Рольф и Ганс успели грохнуть парочку еврейских витрин, когда Ганс вдруг обернулся и опустил лом. Рольф непонятливо взглянул на него и обернулся в ту же сторону… и быстро переложил ломик в левую руку, а Ганс так и вовсе бросил свой, и правые ладони мальчишек вскинулись над головами:
— Хайль, югендфюрер!
Ширах стоял посреди улицы — узнать его можно было издалека, по пижонскому светлому плащу и длинному черному шарфу. Руки он держал в карманах. При нем не было ничего, напоминающего оружие погромщиков — ни ломика, ни дубинки. За его спиной маячил его адъютант.
Физиономия Рольфа расплылась в улыбке. Вот, он так и знал. Так и чувствовал, что этот запрет — формальность. Раз уж сам Ширах не удержался от того, чтоб попугать пархатых…

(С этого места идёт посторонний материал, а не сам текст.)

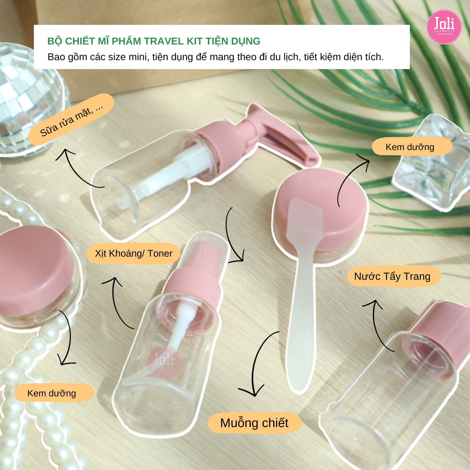 Bộ chiết mỹ phẩm 7 món giúp bạn dễ dàng chiết những đồ skincare cần thiết của mình để mang theo những chuyến du lịch, đi chơi, công tác,...
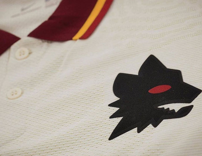 ベージュを基調に、襟にはジャッロロッソ(黄と赤)のアクセントカラー。このスタイルは80年代初頭のアウェイキットに見られた。また、今回のエンブレムは当時と同様に狼を模ったデザインを使う。
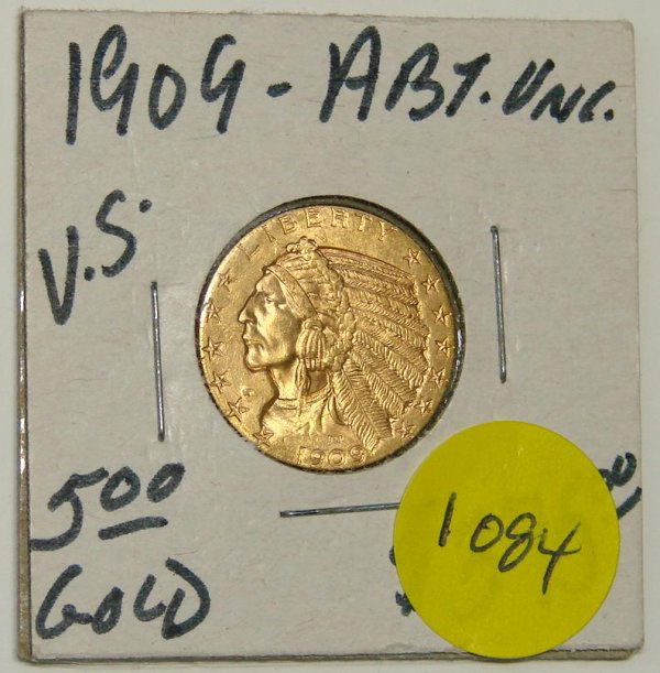 Sold1909 $ 5 Gold Indian Half Eagle BUItem is the exact item in image. Bidder is responsible for all grades and values. Any bid is full acceptance of this and all other terms when bidder registered for sale.See Sold Price
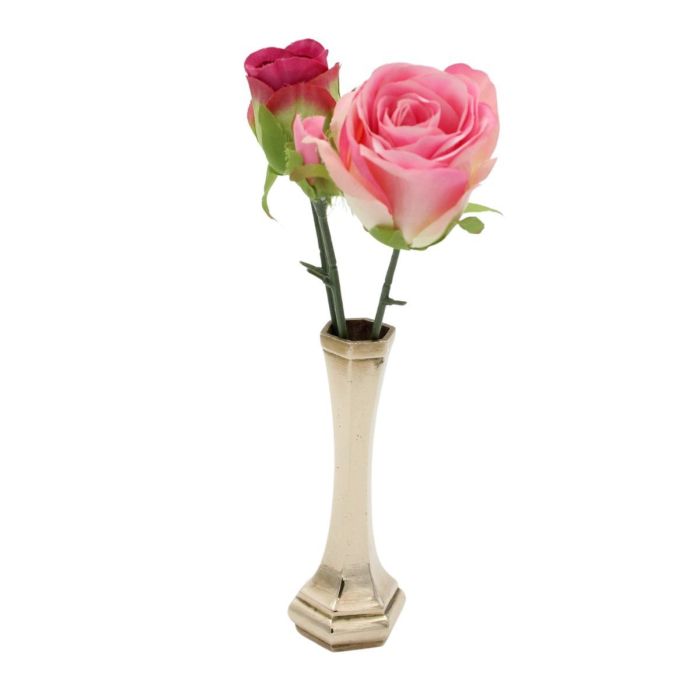 Dit smalle vaasje is een echte sfeermaker met een tijdloze uitstraling. De slanke vorm en klassieke voet geven het vaasje een elegante look, terwijl de goudkleurige afwerking zorgt voor een warm accent in je interieur. Perfect voor een paar losse bloemen, een roos of een klein takje. Juist door het smalle model komt alles mooi tot zijn recht. Zet ‘m op een nachtkastje, vensterbank of in een open kast: klein van formaat, maar groots in uitstraling. Invouwen
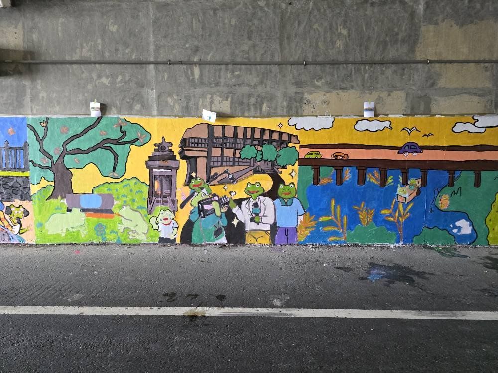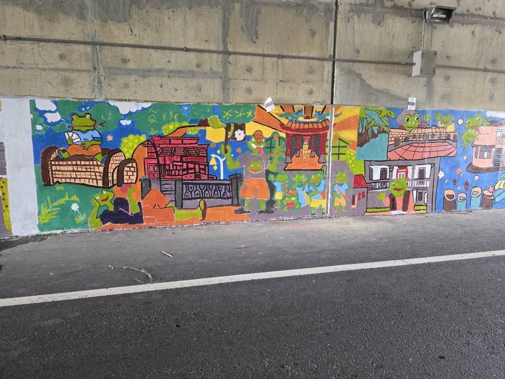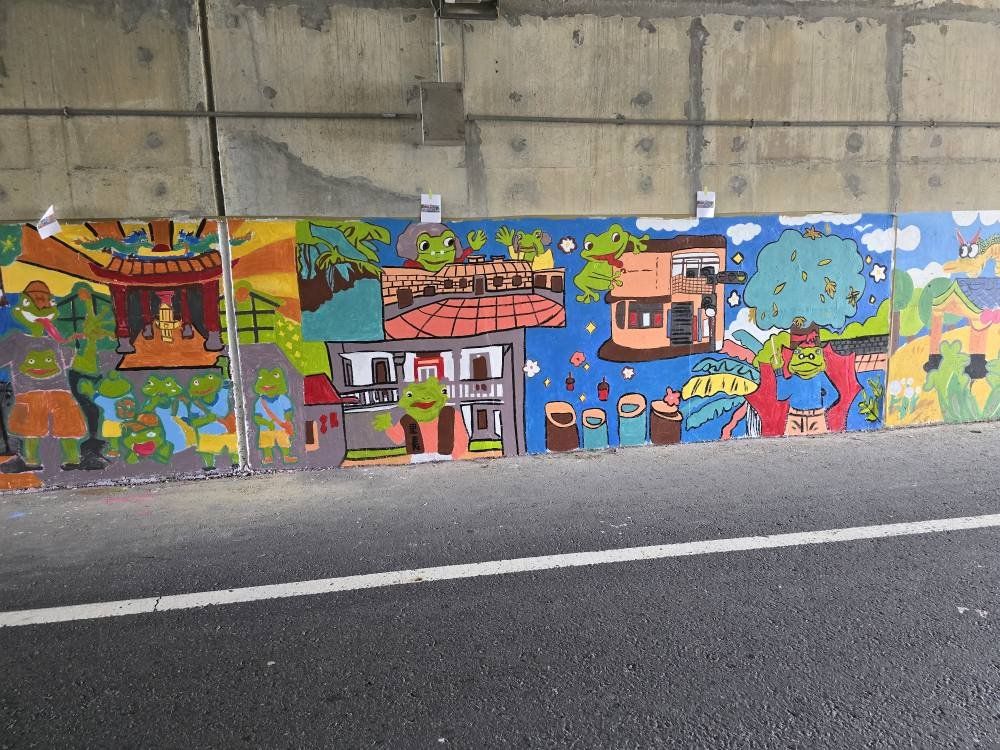 彩繪圖案以社區各景點為主要元素,另加入樹蛙擔任串場角色,充份展現滿滿的地方特色。
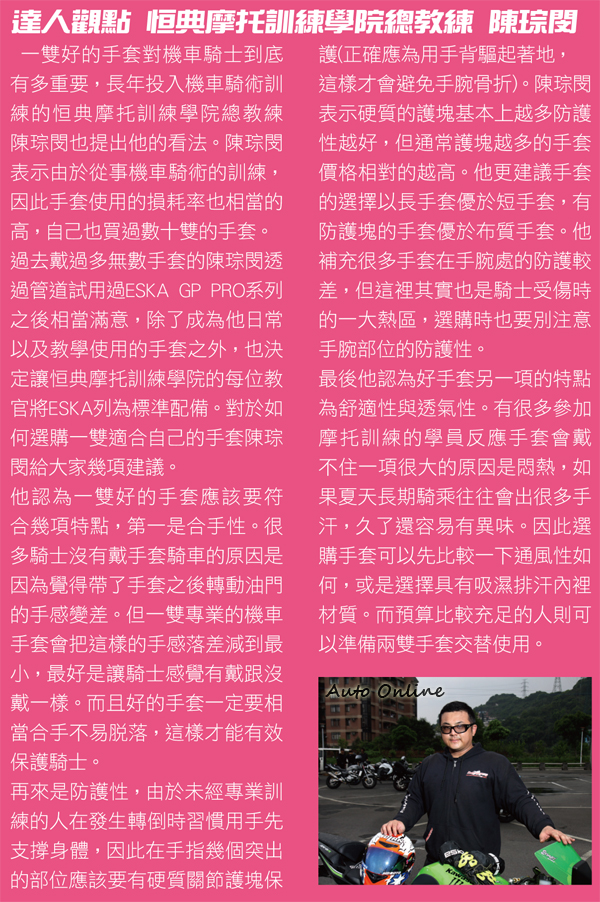 Max大機機時間![]() ▲百年以來ESKA就只專精手套的製造,在對皮革布料的熟稔之下,ESKA唯一推出的非手套商品便是頭套與口罩。經過兩個月的試戴之後ESKA良好舒適的穿戴性令人印象深刻,但由於這樣的測試報導中我們並不會要測試其防護性故意去摔車或犁田,但從眾多的防摔塊來看ESKA系列的手套防護性應該是不差。

После первого его вопроса Рольф засомневался, правильно ли понял его. Голос Шираха был непривычно тихим, грустным.
— Что делаем здесь?..
Рольф и Ганс растерянно переглянулись. Что можно было ответить? Тем более что было прекрасно видно, что они тут делали…
— Из вас выйдут плохие солдаты, — печально произнес Ширах, — вы не понимаете, что такое приказ. Мне чертовски стыдно за вас перед фюрером.
Парни опустили глаза.
Но Ширах был бы не Ширах, если б не боялся наказать невиновных. И потому спросил:
— Вам было известно, что я запретил Гитлерюгенд участвовать в этом… безобразии?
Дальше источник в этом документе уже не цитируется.